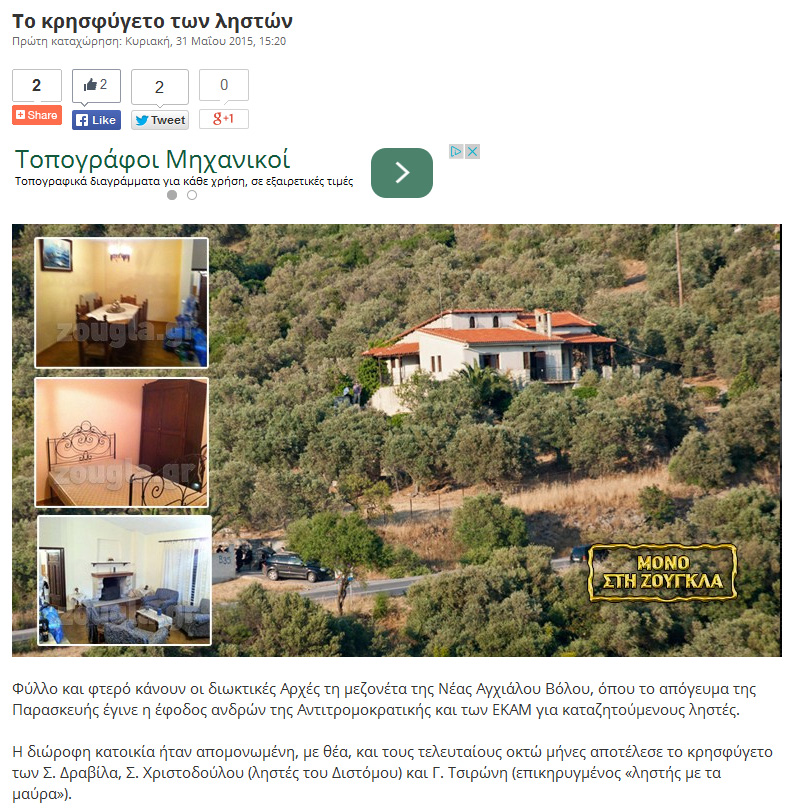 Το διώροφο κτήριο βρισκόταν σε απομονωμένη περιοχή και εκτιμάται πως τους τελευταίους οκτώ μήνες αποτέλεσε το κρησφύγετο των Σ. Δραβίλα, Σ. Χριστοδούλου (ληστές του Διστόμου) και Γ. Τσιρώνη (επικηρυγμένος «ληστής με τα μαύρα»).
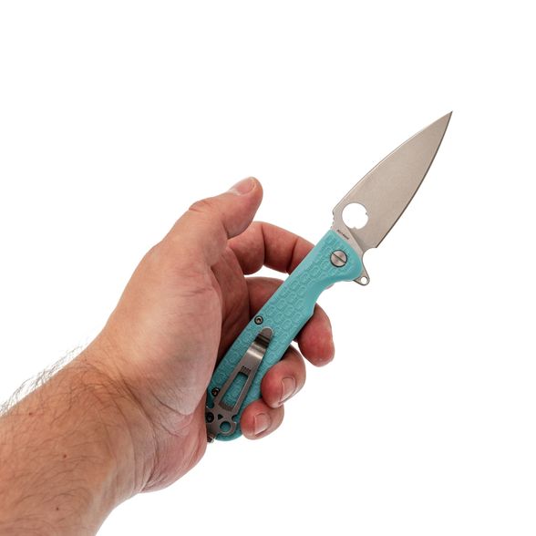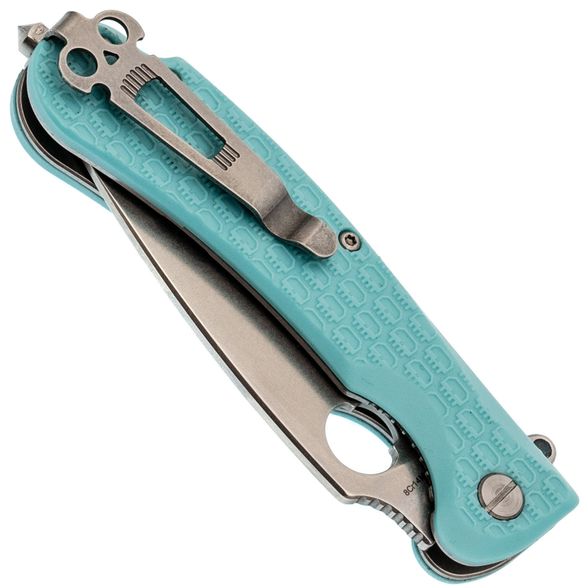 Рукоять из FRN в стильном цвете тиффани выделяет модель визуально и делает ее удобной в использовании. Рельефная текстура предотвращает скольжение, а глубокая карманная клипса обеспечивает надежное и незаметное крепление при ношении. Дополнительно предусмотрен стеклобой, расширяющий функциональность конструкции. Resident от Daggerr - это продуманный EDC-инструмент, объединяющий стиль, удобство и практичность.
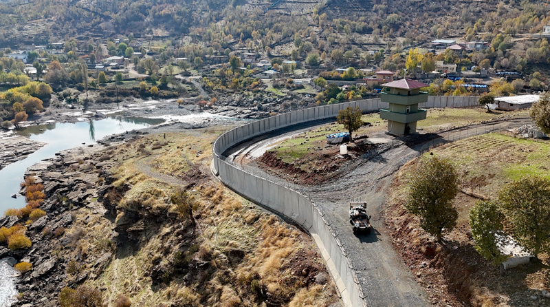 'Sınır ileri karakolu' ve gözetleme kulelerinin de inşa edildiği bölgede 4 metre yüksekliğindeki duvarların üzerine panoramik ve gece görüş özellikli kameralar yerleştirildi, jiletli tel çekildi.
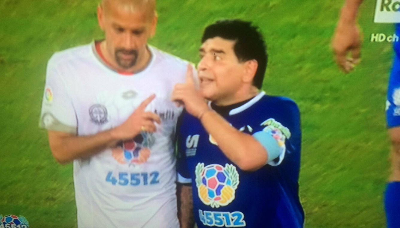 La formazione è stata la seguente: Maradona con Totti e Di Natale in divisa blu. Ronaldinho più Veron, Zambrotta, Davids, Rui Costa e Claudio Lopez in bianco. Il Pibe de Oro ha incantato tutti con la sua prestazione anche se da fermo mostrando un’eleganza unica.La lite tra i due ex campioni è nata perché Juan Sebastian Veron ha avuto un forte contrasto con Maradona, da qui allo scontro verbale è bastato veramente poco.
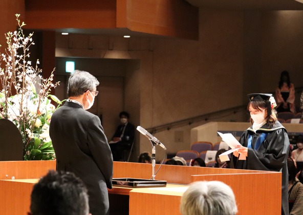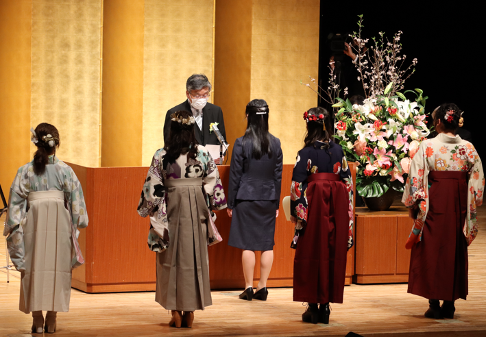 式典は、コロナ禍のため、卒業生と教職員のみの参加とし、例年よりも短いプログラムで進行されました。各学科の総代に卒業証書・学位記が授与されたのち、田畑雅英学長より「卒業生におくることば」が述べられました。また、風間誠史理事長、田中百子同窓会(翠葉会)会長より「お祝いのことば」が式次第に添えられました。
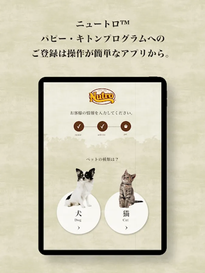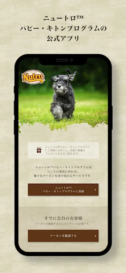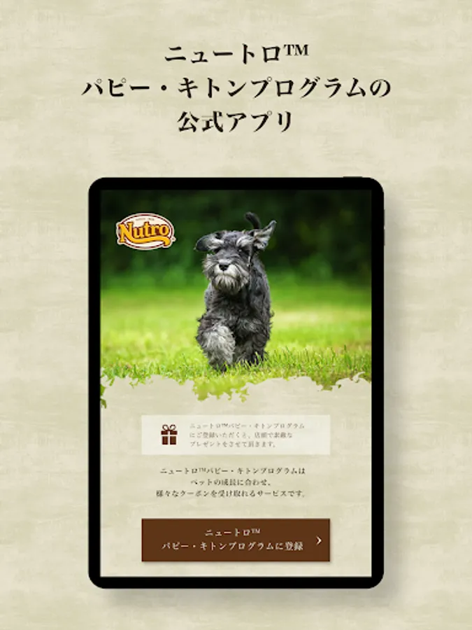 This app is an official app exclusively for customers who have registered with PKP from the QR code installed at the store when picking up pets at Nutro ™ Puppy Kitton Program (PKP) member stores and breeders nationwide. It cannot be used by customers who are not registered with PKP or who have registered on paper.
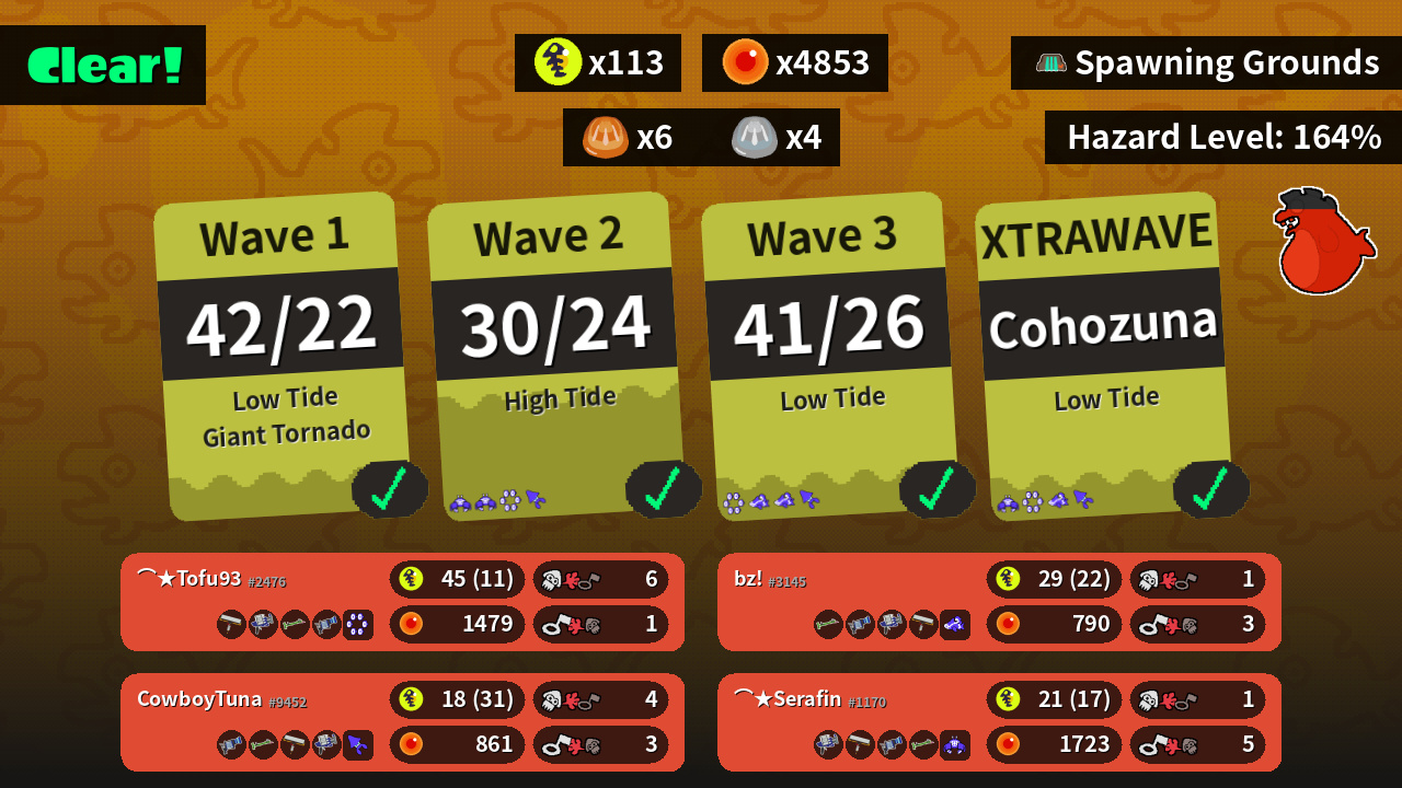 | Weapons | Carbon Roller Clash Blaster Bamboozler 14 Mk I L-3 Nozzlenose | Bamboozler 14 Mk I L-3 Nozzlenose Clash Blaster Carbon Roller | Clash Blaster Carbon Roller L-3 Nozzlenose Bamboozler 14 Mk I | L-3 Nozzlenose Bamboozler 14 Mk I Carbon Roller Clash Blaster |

- - -

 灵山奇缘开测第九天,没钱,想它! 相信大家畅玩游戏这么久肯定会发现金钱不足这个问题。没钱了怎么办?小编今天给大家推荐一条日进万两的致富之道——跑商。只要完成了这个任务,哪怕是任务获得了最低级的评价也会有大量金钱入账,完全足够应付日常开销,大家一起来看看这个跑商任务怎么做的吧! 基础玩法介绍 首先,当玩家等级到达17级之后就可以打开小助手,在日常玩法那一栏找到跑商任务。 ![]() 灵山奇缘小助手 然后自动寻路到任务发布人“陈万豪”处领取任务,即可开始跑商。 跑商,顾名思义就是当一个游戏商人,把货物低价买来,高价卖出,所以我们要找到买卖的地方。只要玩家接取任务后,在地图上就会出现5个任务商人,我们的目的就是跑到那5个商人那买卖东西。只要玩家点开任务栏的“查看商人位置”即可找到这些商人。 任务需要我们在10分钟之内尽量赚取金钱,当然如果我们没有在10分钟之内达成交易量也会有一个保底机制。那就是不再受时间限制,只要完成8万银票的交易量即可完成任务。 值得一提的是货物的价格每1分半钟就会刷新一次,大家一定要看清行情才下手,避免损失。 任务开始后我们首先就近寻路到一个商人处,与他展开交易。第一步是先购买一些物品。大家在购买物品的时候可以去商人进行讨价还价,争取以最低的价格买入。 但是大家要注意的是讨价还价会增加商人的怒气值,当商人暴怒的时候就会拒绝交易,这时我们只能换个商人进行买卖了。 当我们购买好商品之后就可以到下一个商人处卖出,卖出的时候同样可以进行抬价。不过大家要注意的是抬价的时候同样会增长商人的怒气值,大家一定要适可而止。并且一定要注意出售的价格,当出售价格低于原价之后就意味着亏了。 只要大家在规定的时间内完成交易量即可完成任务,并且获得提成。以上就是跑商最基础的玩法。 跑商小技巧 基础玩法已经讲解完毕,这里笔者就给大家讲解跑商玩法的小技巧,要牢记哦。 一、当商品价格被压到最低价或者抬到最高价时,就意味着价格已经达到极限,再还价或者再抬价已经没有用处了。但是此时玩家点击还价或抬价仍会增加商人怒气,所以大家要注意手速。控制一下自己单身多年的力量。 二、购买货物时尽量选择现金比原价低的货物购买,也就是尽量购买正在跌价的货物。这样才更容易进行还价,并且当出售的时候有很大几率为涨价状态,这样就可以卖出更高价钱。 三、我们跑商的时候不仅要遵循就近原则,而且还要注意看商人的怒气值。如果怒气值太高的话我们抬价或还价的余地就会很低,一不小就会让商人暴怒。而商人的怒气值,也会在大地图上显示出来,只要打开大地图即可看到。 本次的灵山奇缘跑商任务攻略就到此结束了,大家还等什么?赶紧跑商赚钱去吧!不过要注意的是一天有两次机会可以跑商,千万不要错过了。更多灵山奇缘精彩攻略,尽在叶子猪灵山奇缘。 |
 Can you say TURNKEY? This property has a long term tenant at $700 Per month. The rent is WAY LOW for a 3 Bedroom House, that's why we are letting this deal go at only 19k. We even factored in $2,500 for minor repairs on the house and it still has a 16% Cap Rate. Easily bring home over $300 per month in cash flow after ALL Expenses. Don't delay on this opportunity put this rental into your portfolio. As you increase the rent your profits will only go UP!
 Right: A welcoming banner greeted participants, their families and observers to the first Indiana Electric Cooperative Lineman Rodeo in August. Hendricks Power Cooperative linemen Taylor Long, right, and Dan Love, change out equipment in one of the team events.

- - -

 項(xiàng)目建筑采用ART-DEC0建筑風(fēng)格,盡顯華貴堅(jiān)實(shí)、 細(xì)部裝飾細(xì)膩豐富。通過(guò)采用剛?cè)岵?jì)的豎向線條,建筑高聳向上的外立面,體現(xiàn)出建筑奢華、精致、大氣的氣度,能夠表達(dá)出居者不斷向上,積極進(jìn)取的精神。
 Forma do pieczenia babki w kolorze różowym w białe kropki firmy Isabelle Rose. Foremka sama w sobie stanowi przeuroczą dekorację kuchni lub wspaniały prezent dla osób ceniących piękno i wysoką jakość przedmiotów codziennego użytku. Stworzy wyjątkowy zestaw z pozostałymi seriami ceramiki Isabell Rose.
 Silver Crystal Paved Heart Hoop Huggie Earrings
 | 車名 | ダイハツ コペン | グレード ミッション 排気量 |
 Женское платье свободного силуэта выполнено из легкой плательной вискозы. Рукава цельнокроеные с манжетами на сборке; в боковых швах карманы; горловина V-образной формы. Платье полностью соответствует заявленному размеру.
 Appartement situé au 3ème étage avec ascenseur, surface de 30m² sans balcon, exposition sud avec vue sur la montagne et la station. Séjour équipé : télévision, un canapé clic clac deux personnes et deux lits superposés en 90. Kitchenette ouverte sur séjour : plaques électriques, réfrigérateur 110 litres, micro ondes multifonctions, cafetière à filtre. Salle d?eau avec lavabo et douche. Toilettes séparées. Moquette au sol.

- - -

*Task prompt*.
Here the job is to set down exactly the lines of the material above that fall between the one with "Женское платье свободного" and the one with "Appartement situé au", inclusive, and nothing beyond them.

*Task response*.
 Женское платье свободного силуэта выполнено из легкой плательной вискозы. Рукава цельнокроеные с манжетами на сборке; в боковых швах карманы; горловина V-образной формы. Платье полностью соответствует заявленному размеру.
 Appartement situé au 3ème étage avec ascenseur, surface de 30m² sans balcon, exposition sud avec vue sur la montagne et la station. Séjour équipé : télévision, un canapé clic clac deux personnes et deux lits superposés en 90. Kitchenette ouverte sur séjour : plaques électriques, réfrigérateur 110 litres, micro ondes multifonctions, cafetière à filtre. Salle d?eau avec lavabo et douche. Toilettes séparées. Moquette au sol.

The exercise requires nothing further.